Notice that you copy the array of bytes into a string and work on that rather than on the original array. The B functions work on byte arrays, but they do so through type conversion—meaning that a temporary string is created for each string parameter that receives a byte array argument. It’s much more efficient to create a single temporary string yourself than to let Basic create one for every call to a B function.

Although the technique shown above works, it’s not very efficient or intuitive. We’d be a lot better off using procedures designed to work directly on byte arrays. No need to convert to and from strings. The rest of this section proposes a set of procedures that extract numbers or strings from various locations in a blob (byte array). It’s not as easy as you might expect. You keep running smack into the nemesis of Basic data conversion: unsigned integers where Basic
expects signed integers. Here’s my first shot at a function to read a Word from a byte string:

Function WordFromStrB(sBuf As String, iOffset As Long) As Integer
    BugAssert (iOffset + 2) <= LenB(sBuf) - 1
    Dim dw As Long
    dw = AscB(MidB$(sBuf, iOffset + 2, 1)) * 256&
    dw = dw + AscB(MidB$(sBuf, iOffset + 1, 1))
    If dw And &H8000& Then
        WordFromStrB = dw Or &HFFFF000
    Else
        WordFromStrB = dw And &HFFFF&
    End If
End Function

First you must adjust the offset from a zero-based buffer offset to a one-based string offset. You also need to do significant work with AscB and MidB$ to extract the byte. Finally, you have to do data conversion tricks to turn the unsigned character into a signed Basic integer. If you think this looks ugly, try doing the same for a DWord.

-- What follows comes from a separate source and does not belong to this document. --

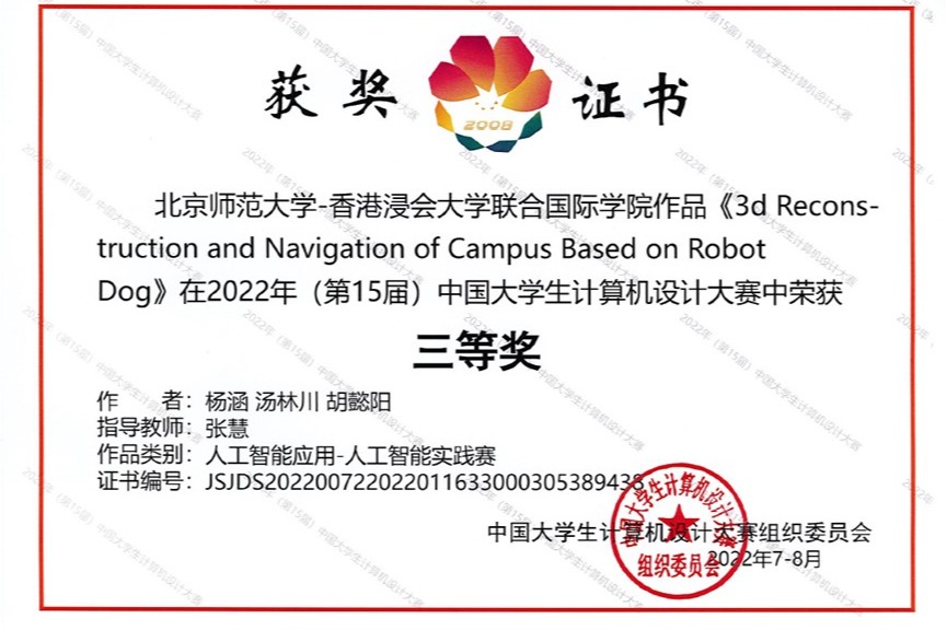 Three UIC students of the Computer Science and Technology Programme: Yang Han, Tang Linchuan and Hu Yiyang, designed a work named “3D Reconstruction and Navigation of Campus Based on Robot Dog”, winning the third prize at the College Student Computer Design Competition.

The BYTES.BAS module uses a different strategy to convert bytes to numeric or string data. BytesToWord and BytesToDWord read numeric data from blobs. BytesFromWord and BytesFromDWord write numeric data. You could add similar functions to read and write Double, Single, and other types.

Let’s start with BytesToWord, since it is equivalent to the WordFromStrB function shown earlier:

Function BytesToWord(abBuf() As Byte, iOffset As Long) As Integer
    BugAssert iOffset <= UBound(abBuf) - 1
    Dim w As Integer
    CopyMemory w, abBuf(iOffset), 2
    BytesToWord = w
End Function

That’s one way to avoid data conversion problems—just blast the data directly into memory. BytesFromWord looks the same except that the first two arguments to CopyMemory are reversed. You can guess the implementation of BytesToDWord and BytesFromDWord.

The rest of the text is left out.